Answer: To answer this question, Playbill.com spoke with Carmel Dean, the 28-year-old vocal arranger on The 25th Annual Putnam County Spelling Bee. Sometimes the vocal arranger's job is "straightforward harmonizing," Dean says (an example in Spelling Bee is the "Goodbye" songs). When multiple actors are singing the same lyrics, Dean assigns each performer a note to sing so that they all sing in harmony. While creating these chords, Dean is guided by the chord progression of the song.

The notes each actor sings have to fit the character. For instance, Rona Lisa Peretti, the adult moderator of the bee, tends to sing the highest notes because "she's kind of over the top, takes herself and her job very seriously," Dean says.

At other times Dean would write a "write a harmony line or countermelody," she says, for one character to sing while another character is singing in the main melody. For instance, at one point in "The I Love You Song," Olive Ostrovsky sings a countermelody at the same time that her mother is singing the melody. Dean wrote Olive's part by reworking a solo that Olive has in another part of the song, the part that goes "Mama, mama, mama."

"A lot of it is like being a film editor," Dean says. "You take the film and think, 'We'll use that snippet here and we'll cut out here and we'll paste that on top of that.' It's about looking at the overall picture rather than just the individual solo sections." The vocal arranger also has the opportunity to affect the dramatic arc of the show. For instance, the climactic song "Second," in which William Barfee and Olive Ostrovsky are the last two spellers left, was originally just the two of them singing, but "it wasn't quite building up the tension that it needed to build," Dean says.

The creative team decided to bring in the other actors to sing and dance in the background. Dean decided to give the background singers a quasi-operatic arrangement — with Rona Lisa Peretti singing a high A — to help punch up the music. "I was able to make the vocals create more of a dramatic impact," she says.

In Spelling Bee, the teaching of the music to the actors was mainly done by Vadim Feichtner, in his capacity as musical director, but also by Dean, in her capacity as associate musical director (Dean has also played synthesizer in the orchestra throughout the show's run).

Dean says that some composers do their own vocal arrangements, but others, like William Finn on Spelling Bee, do not.

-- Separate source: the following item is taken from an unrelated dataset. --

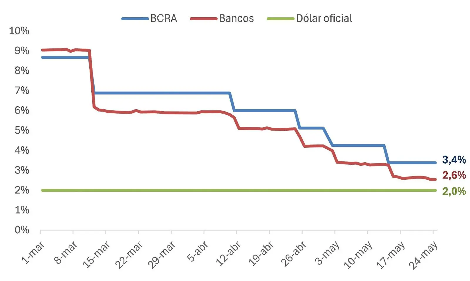 El gráfico también nos sirve para advertir una segunda cuestión que puede ayudarnos a responder la pregunta. Fíjense que las tasas, tanto la que fija el Banco Central como las que ofrecen los bancos, se fueron acercando cada vez más a la tasa de aumento del tipo de cambio fijada por el Gobierno desde su inicio de gestión. Dicho de otra manera, se fue reduciendo sistemáticamente la rentabilidad –medida en dólares– de mantener los pesos en un plazo fijo o instrumento similar (esto aplica todavía más si lo medimos en términos del dólar financiero, que venía aumentando a un ritmo del 1,5% promedio mensual).

"I just don't think he has any desire to do it because he comes from such a storytelling, lyric-first place," Dean says. "He wants the characters to say whatever they have to say musically and lyrically. But once he's done that — that's the thing that he does best and that's what he wants to do — I don't think he has a desire to take to that next level by adding an eight-part chorus. He doesn't need to, and he knows I love to do it."

Dean was asked why she loves it. "I think it's being trusted with the composer's raw material and then having the opportunity to make it even more exciting and give the singers something that they're excited to sing," she says. "Sometimes great material is written as solo or duet or trio, and that's all it is and all it needs to be. In [the song] 'Pandemonium,' you can't just have kids standing up and singing solo lines. The title just calls for the craziest, most outlandish vocal arranging you can do. You're able to put your own creative stamp on something and give the piece lift and [make it] really work dramatically."